Our elves have been busy little guys. And, okay, so I have to give a huge shout out to my husband because he has been on the ball with these creatures. Many a night I have found myself sound asleep with visions of sugar plums dancing in my head before it ever crosses my mind to make sure the elves aren't found in the exact same spot they were occupying the day before. But Troy has stepped up to the plate and hit one out of the park on several occasions. He's totally our Elf MVP.
The boys' room is decorated with a plane and helicopter theme. There are old helicopter instruments up on a shelf over their dresser. On this particular day, Garrett was getting something down and somehow hit something which made the elf take a face plant. He FUH-REE-KED out. Tears were spilling off his cheeks as he begged me to gently pick up the elf and return him to his spot. "Please, Finn! Don't disappear!" he chanted through tears while I stood Finn back up.

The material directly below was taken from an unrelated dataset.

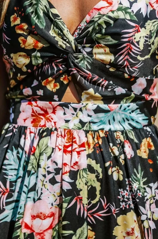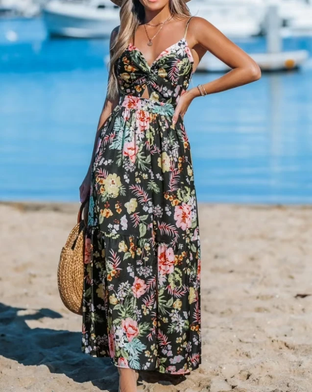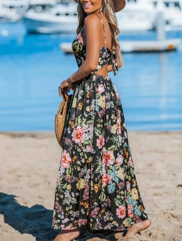 Factory Ladies' Eco-Friendly Summer Floral Chiffon Maxi Dress Halter Neck Natural Back Lace Pastoral OEM Service Available

Matthew's elf joined one of our nativity scenes as the fourth--and lesser known--wise man.
Apparently it got cold because one elf was found sleeping in the spoon rest, bundled up and the other was waiting for a cup of java to warm his chilled bones. (Or, rather, his plastic face and stuffed felt body.)
So, once upon a time, we had a white elephant gift exchange. One individual received a huge box of rejected Christmas decorations. Then, because she didn't want them, she left them at our house. We got rid of each and every one of them except the ceramic reindeer featured above. It's been glued back together in places and is kind of ugly as sin but we had a total Velveteen Rabbit meets Woody from Toy Story moment with him and couldn't bear to throw him out. Every year I consider getting rid of him and every year I can't bring myself to do it. I don't know who he belonged to before or how many owners he's had, but he's ours now.

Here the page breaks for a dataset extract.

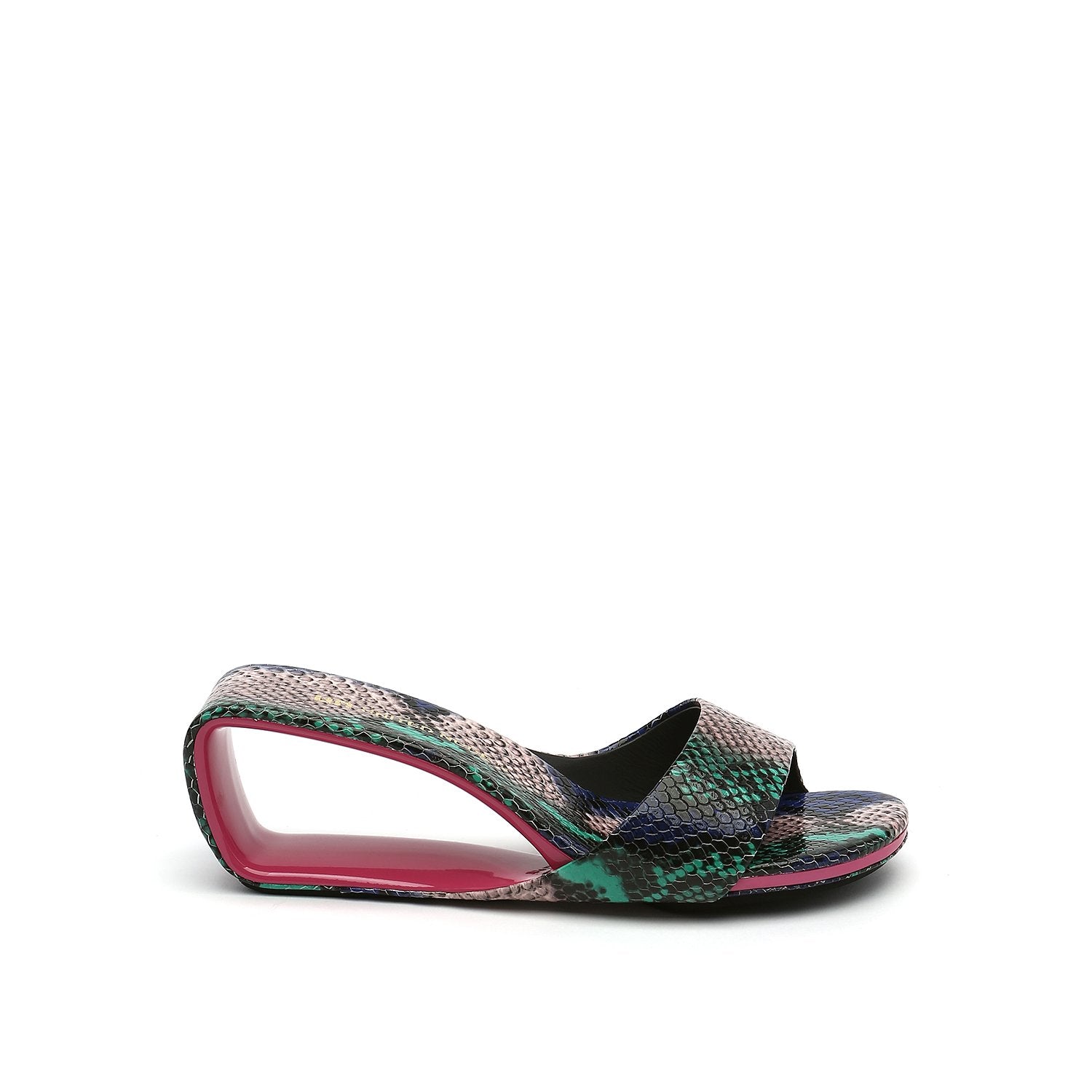 The Mobius Mid is a lightweight, open-wedge mid heel made from fiber-reinforced nylon. A single band forms the sole, heel, footbed and upper of the shoe. The Mobius is inspired by the phenomenon of the Möbius strip, a single-sided surface with no boundaries.

My Grandma made the penguin and skiing Santa in the above picture--along with many of my other decorations and probably a quarter of my Christmas ornaments. I always miss my Grandma most at Christmastime. As I unwrap the things she crafted and look at the initials BB carved into each one, I can almost hear her laugh ring out and I wish I was small enough--and that she was alive enough-- for me to crawl up onto her lap and eat string cheese. It might be why I keep a steady flow of string cheese in my own refrigerator despite the fact that it is not cheap.
I hang our Christmas cards up on a long piece of twine every year and, one day, the elf had clipped himself up with them. When we got the cards in the mail that day, I stood to attach them. "HE'S GONNA FALL! DON'T DO THAT RIGHT NOW! GET DOWN!" came a panicked voice from the other room. Good grief. I think a certain six-year-old is taking this way too seriously. I wanted to have all the fun in the world with him this year because I was pretty sure this would be the last year he believed in Santa but then my friend informed me that she didn't figure it out until she was twelve. TWELVE, people! As in ONE YEAR OLDER THAN ELEVEN. AS IN SIX YEARS FROM NOW. AS IN I tell you what, I am not going to have my kid freaking out every time I get within three feet of these things for another six years.
So. Last night the elves (or at least one of them) toilet papered our Christmas tree after I'd fallen asleep. I drove past my window today when I took Garrett to school and, oh my, we look like the town crazy people who used bathroom tissue instead of garland on our tree. But man, the boys sure thought it was the funniest thing they'd done yet.
Four days left.
Unless the Mayans were right. I think I speak for Elf on the Shelf mothers everywhere when I say that it wouldn't be the worst thing if the world ended and we could stop moving elves.
Except, who I am kidding, Troy has single handedly kept this entire operation alive.